CN214870505U - Stacking frame for placing vertical prefabricated components - Google Patents

Abstract

The utility model discloses a piling bin for placing vertical prefabricated components, which comprises a main frame body and a fixing device, wherein the fixing device comprises a bolt, two crossbeams which are parallel to each other and a plurality of sliding rods, the crossbeams are used for connecting vertical supporting rods on two sides of the main frame body, the two crossbeams are arranged along the height direction of the main frame body, a sliding space is formed between the two crossbeams, the sliding rods penetrate out of the sliding space and are arranged along the width direction of the main frame body, and the middle parts of the sliding rods can slide in the sliding space along the length direction of the crossbeams; the crossbeam is provided with a through groove, the middle part of the sliding rod is provided with a through hole, the through hole of the sliding rod is connected to the through groove of the crossbeam in a sliding manner, and the bolt penetrates through the through groove and the through hole to fix the sliding rod. The utility model discloses when can stacking the prefabricated component of multiple specification, can also reach the effect of stacking more stably according to the height of prefabricated component's altitude mixture control piling bin, protect the prefabricated component corner, avoid weak department cracked.

Description

Stacking frame for placing vertical prefabricated components

Technical Field

The utility model relates to a construction technical field, concretely relates to a piling bin for placing vertical prefabricated component.

Background

The prefabricated concrete structure is a concrete structure formed by assembling/connecting prefabricated members serving as main stressed members. The assembled reinforced concrete structure is one of the important directions for the development of building structures in China, is beneficial to the development of industrialization of buildings in China, improves the production efficiency, saves energy, develops green and environment-friendly buildings, and is beneficial to improving and ensuring the quality of building engineering.
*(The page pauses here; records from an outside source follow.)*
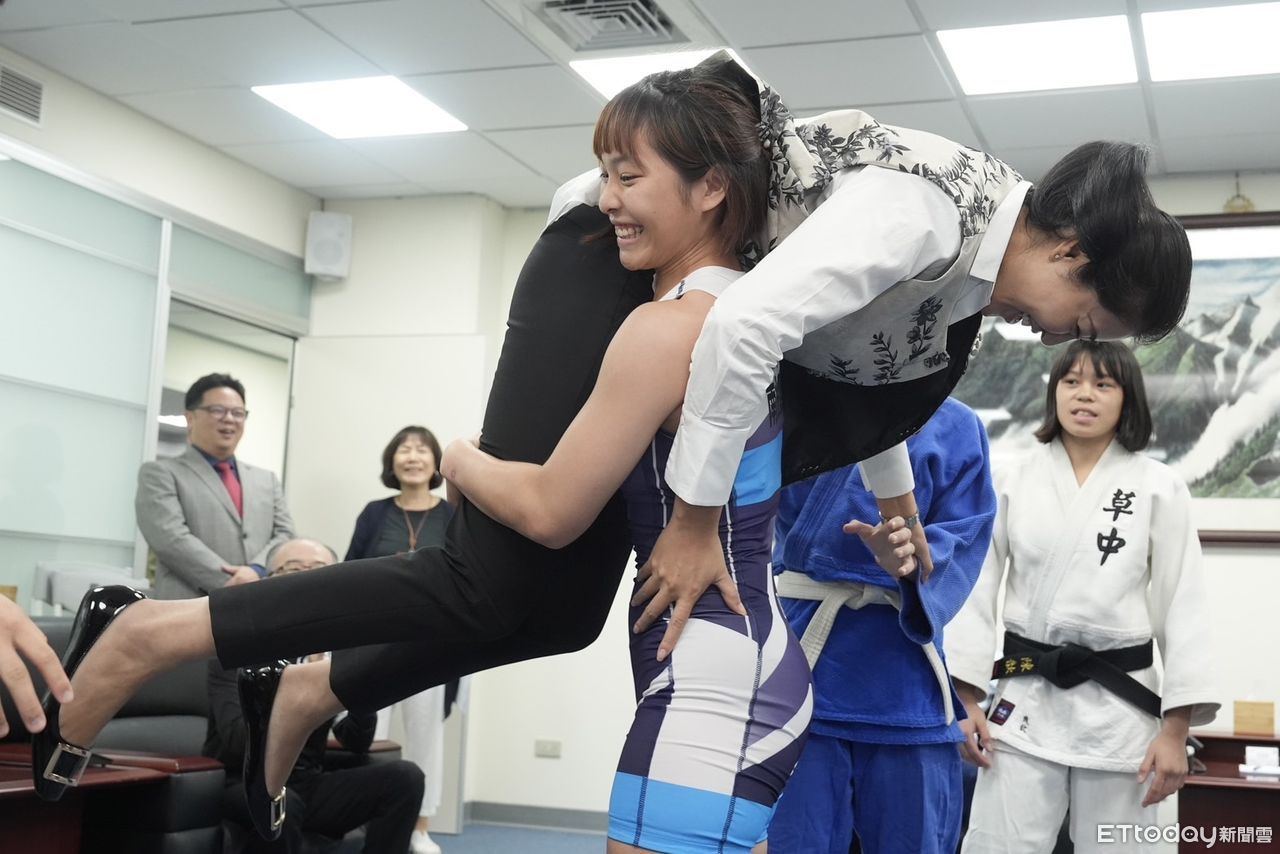 ▲南投縣長許淑華被角力女國手「塔庫魯(擒抱)」。(圖/南投縣政府提供,下同)
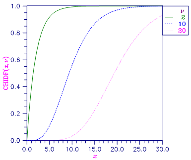 Function imsl_f_chi_squared_cdf evaluates the distribution function, F(x, ν), of a chi-squared random variable x = chi_squared with ν = df degrees of freedom, where: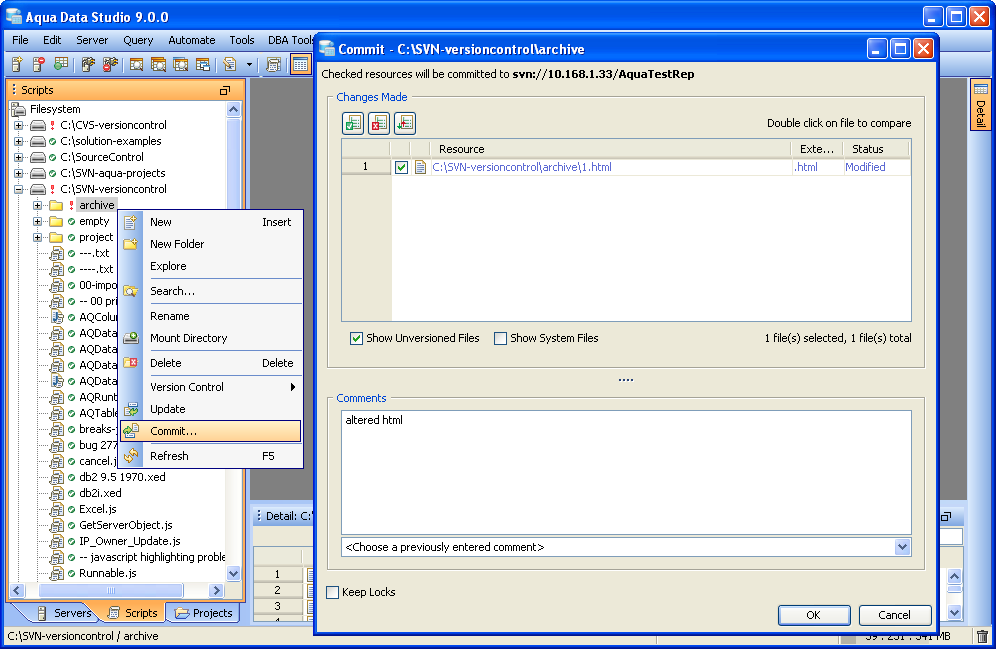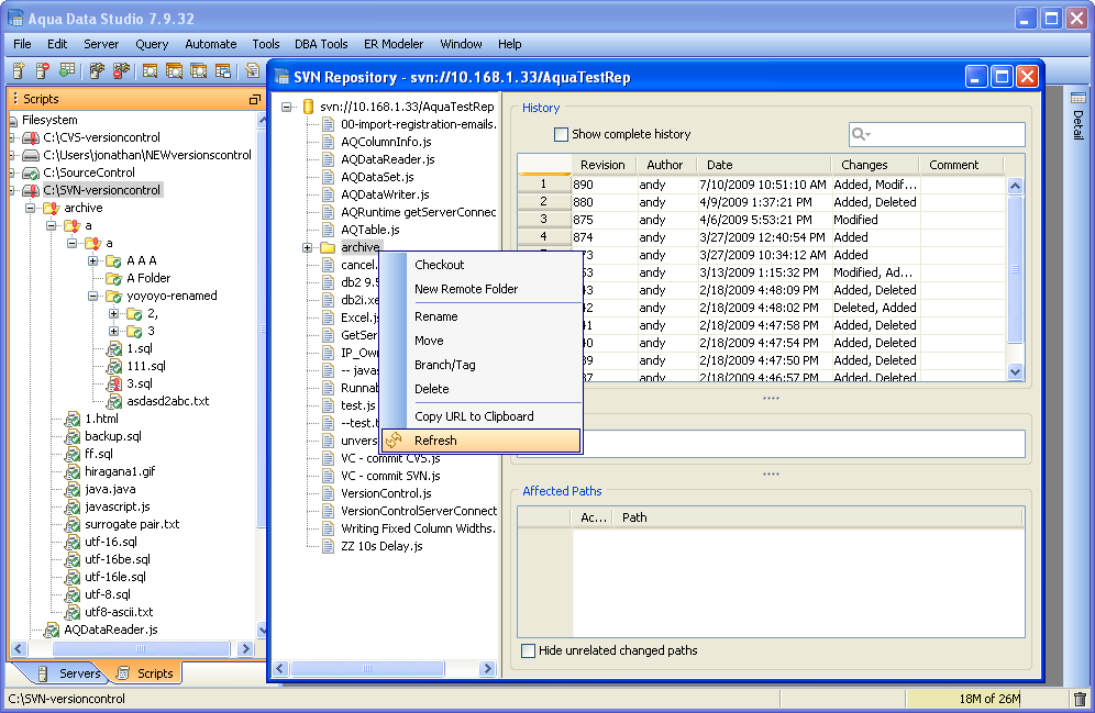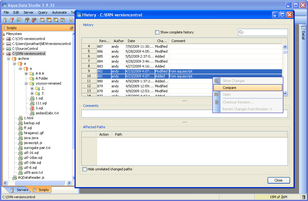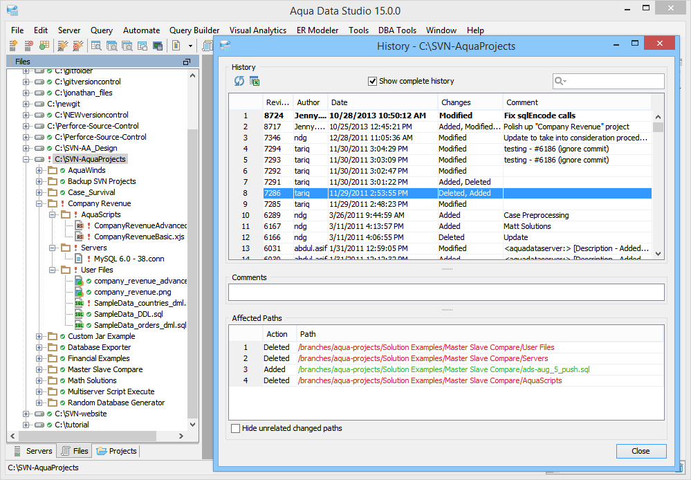 How to update a Version Control file or repository Within the scripts pane, right click on a repository, directory or file and select Update. This will retrieve the latest version from the remote repository. How to add a file to Version Control Within the scripts pane, left click on a file, files or directory to select, then right click to select "Add". This will include the selection in the repository for versioning. How to delete a file in Version Control Within the scripts pane, left click on a file, files or directory to select, then right click and navigate to "Version Control" to select "Delete". This will delete the selection from the repository. Within the Repository Browser, right clicking on an item and selecting Delete functions the same way. How to revert a file in Version Control Within the scripts pane, left click on a file, files or directory to select, then right click and navigate to "Version Control" to select "Revert". This will revert the selection in the repository. How to Show History in Version Control Within the scripts pane, left click on a file, files or directory to select, then right click and navigate to "Version Control" to select "Show History...". This will display the Version Control history of the selection in the repository. Within the Repository Browser, expanding the tree to select the file or directory you wish to view the history on, then left clicking it brings up its history in the History Table. The history displayed in the Repository Browser and the history displayed when selecting Version Control->Show History work similarly. Show History Dialog (window) Right clicking on a versioned item in the Files Browser gives direct access to show the history of that item. The resulting Show History dialog provides a list of all of the version control actions on a file or directory, and the revision's contained files. By default, the Show History Dialog only shows the most recent changes. If the "Show Complete History" option is enabled, all of the actions taken since the creation of the repository will be listed. Each action can be inspected in a table with columns for Revision, Author, Date, Changes and Comments. Two items in this history can be selected and compared to show the differences in actions and content over time. An item in the history can also be selected to "show changes" in the file as a comparison to its previous revision. Once a revision is identified within the History, right clicking on it also allows a checkout of that specific revision or a revert to that specific revision. At the bottom of the Show History is an area displaying affected paths of a revision, with an option for hiding unrelated changed paths. The Subversion (SVN) Repository Browser is a convenient way to view all of the contents of a repository, even when no working copies have been mounted locally. While the Repository Browser shows details on item history, it does not show the status of local working versions. It is more for exploring the remote repository and its contents than managing the local versions of files. To Launch the Repository Browser, right click on an item in the Files Browser and select Version Control -> Browse Repository. A window appears with the url to the repository in its title. An expandable tree view appears on the left and a history for the selected items in the tree appears on the right. The Subversion (SVN) Repository Browser points to the repository root when launched and offers an in-depth, explorable view of all of the files in a repository without requiring a local version of its content. The repository is displayed as a tree where action can be taken on individual items, or they can simply be viewed. The History table within the Repository Browser allows opening and comparing of individual items by way of a popup menu. Tree content is obtained with a background thread so that Aqua Data Studio’s other tools can be used while information from the repository is being retrieved. In the Affected Paths display, unrelated changed paths can be hidden. Inside the tree, right clicking on items allows checkout, new remote folder, rename, move, branch, delete, copy url and refresh. The Browse Repository menu item invokes the browser, pointing to the repository root, showing a tree, history table, and a "show complete history" checkbox for viewing the complete history of items in the repository. Clicking on item in the history table can also shows affected paths when it is enabled. Repository Browser Tree popup menu Right clicking within the repository browser launches a menu with checkout, new remote folder, rename, move, branch, delete, copy url, and refresh menu options. Repository Browser History Table and popup menu The Repository Browser History contains much of the functionality of the Show History Dialog mentioned above. Clicking on items within the Repository Browser History Table brings up menu options for show changes, compare, open, compare with revision, compare repository revisions. The history content is obtained in a background thread, allowing Aqua Data Studio's other operations to continue uninterrupted. Additional Subversion features

Compared with a cast-in-place construction method, the assembly type PC structure is beneficial to green construction, because the assembly type construction can better meet the requirements of land saving, energy saving, material saving, water saving, environmental protection and the like of the green construction, the negative effects on the environment are reduced, including noise reduction, dust prevention, environmental pollution reduction, clean transportation, field interference reduction, water, electricity, material and other resources and energy sources, and the principle of sustainable development is followed. Moreover, the assembly type structure can continuously finish a plurality of or all working procedures of the engineering in sequence, thereby reducing the types and the quantity of the engineering machinery entering the field, eliminating idle time of procedure connection, realizing the three-dimensional crossing operation, reducing constructors, improving the working efficiency, reducing the material consumption, reducing the environmental pollution and providing the guarantee for green construction. In addition, the fabricated structure reduces construction waste (about 30% -40% of the total amount of urban waste) to a great extent, such as waste steel bars, waste iron wires, waste bamboo and wood, waste concrete and the like.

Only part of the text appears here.